Some trust in chariots and some in horses,
but we trust in the name of the Lord our God. Psalm 20:7


Earlier today I was listening to some songs that have really touched my life and enhanced my faith experience. They are performed and were written by an amazingly talented young woman who according to her songs, has great faith. She is also a sinner. She made her sin a very public thing a few years ago. Before that we, in the world, knew nothing about it but she was painfully aware of it, all too painfully aware. Her songs take on a richer, deeper meaning to me when you know of her struggle. Other people find them invalid because of what she has done. If you are one of those people stop reading right here because while my sins may be very different from hers they are still sins. That makes me a sinner and if you can ‘t appreciate the perspective of one sinner, you most likely won’t appreciate the perspective of another. The difference between that woman and me is that I am better able to keep my sins hidden.

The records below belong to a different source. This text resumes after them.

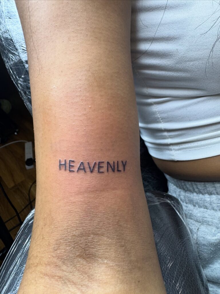 This tattoo displays the word “Heavenly” in simple, evenly spaced lettering on the inner arm. The clean font choice and balanced placement create a calm, refined look that feels gentle and intentional.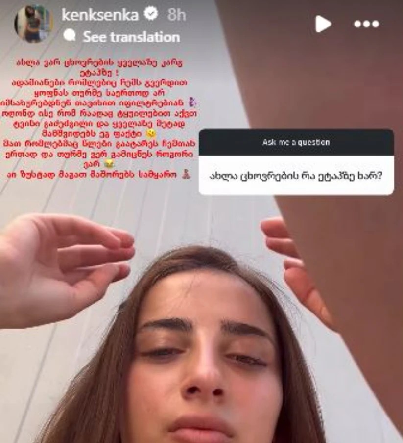 „ახლა ვარ ცხოვრების საუკეთესო ეტაპზე. ადამიანები, რომლებიც ჩემს გვერდით ყოფნას თურმე საერთოდ არ იმსახურებდნენ თავისით იფილტრებიან. ოღონდ ისე რომ ტვინი რაღაც ტყუილებით აქვთ გამოძეძგილი. ყველაზე მეტად მამშვიდებს ეგ ფაქტი. მათ, რომლებმაც წლები გაატარეს ჩემთან ერთად, თუმცა თურმე ვერ გამიცნეს როგორი ვარ. აი, ზუსტად მაგათ მაშორებს სამყარო“, – წერს მარიამ კეკუა.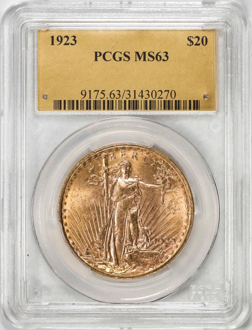 One 1923 $20 St. Gaudens Double Eagle Gold Coin PCGS MS63. PCGS Graded.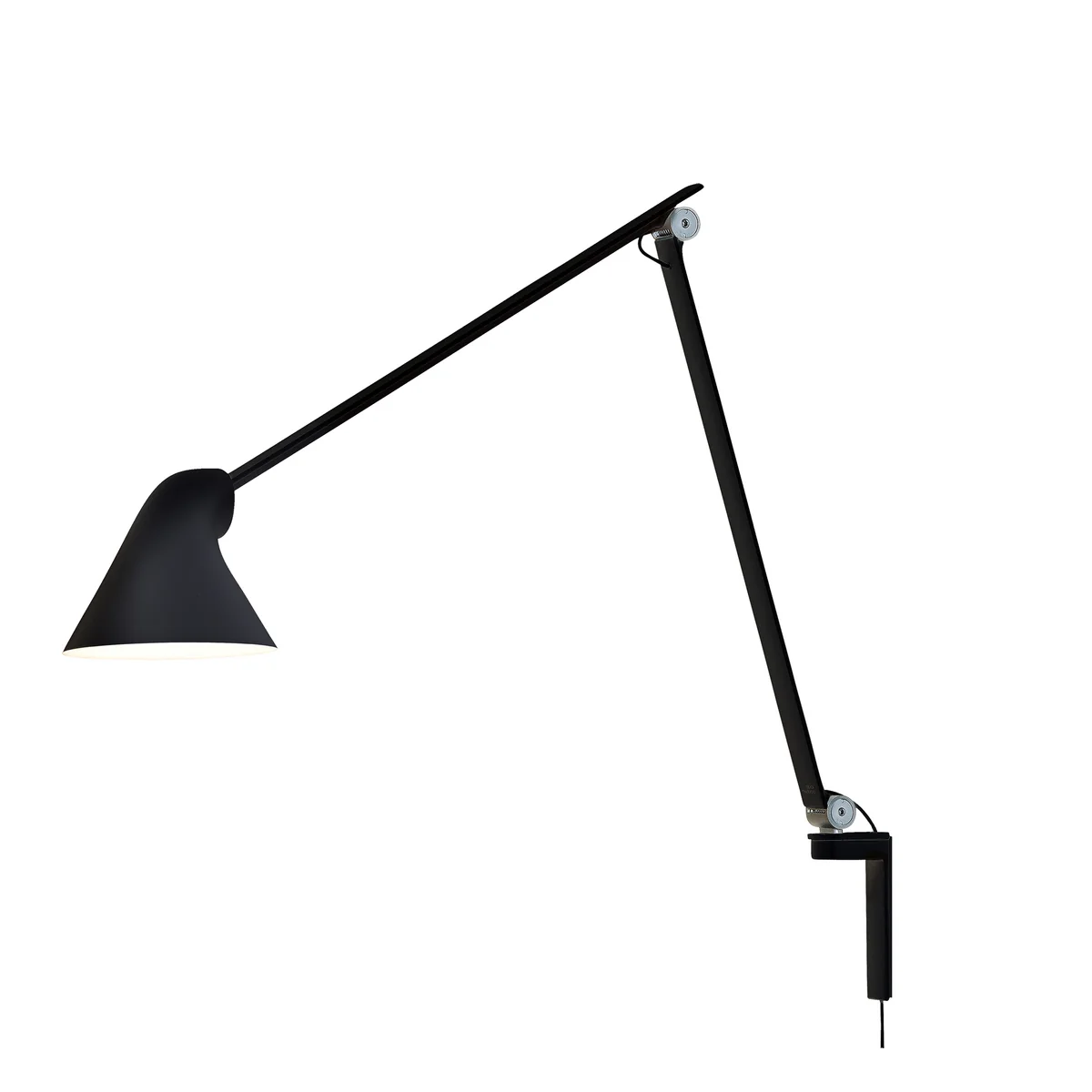 Mit einem flexiblen Gelenk lässt sich die Position der NJP Leuchte einfach ein- und verstellen. Dabei sind die Verbindungen nicht nur ein funktionales, sondern auch optisches Element der Nendo Leuchte, die das reduzierte Design der Architektenleuchte komplementiert. Ausserdem ist die Wandleuchte auch als NJP Wandleuchte kurz erhältlich.

The songs I love the most are the ones where she speaks of herself as God’s daughter. She asks in one song if knowing her sin He will accept her back into His heart. Truth is, she never left because God’s love never fails. She sings about redemption and wanting to please her Father. She sings about the ridiculousness of trusting in anything other than God Himself. She speaks of Jesus and Peter as her brothers. She speaks from a heart filled with faith.

I said the difference between us was in the variety of our sins. The similarity is in how we’ve both wrestled with our sins. We have both mourned our choices, asked for mercy, leaned on God’s understanding and patience and trusted in His holy name.
Romans 3:23 says that we’ve all sinned. That’s the truth, more to the point it’s the Truth. The question is once we’ve realized our sins and repented what will we do with them? God wastes nothing and neither should we. If we can put our struggle in words for a huge audience or even for one person we can make the experience mean something. We can save it from being simple, selfish sin. We can use our own brokenness to help others around us heal.

I’m so glad that that young woman didn’t let guilt keep her from writing her songs or singing them or recording them. I appreciate her willingness to let us crawl into her wounds in order to find a way to mend our own. God is faithful and just. He will hear our prayers and He will love us even when large numbers of people are pointing judgmental fingers our way. In Him we find redemption and mercy, even when we can’t find it anywhere else.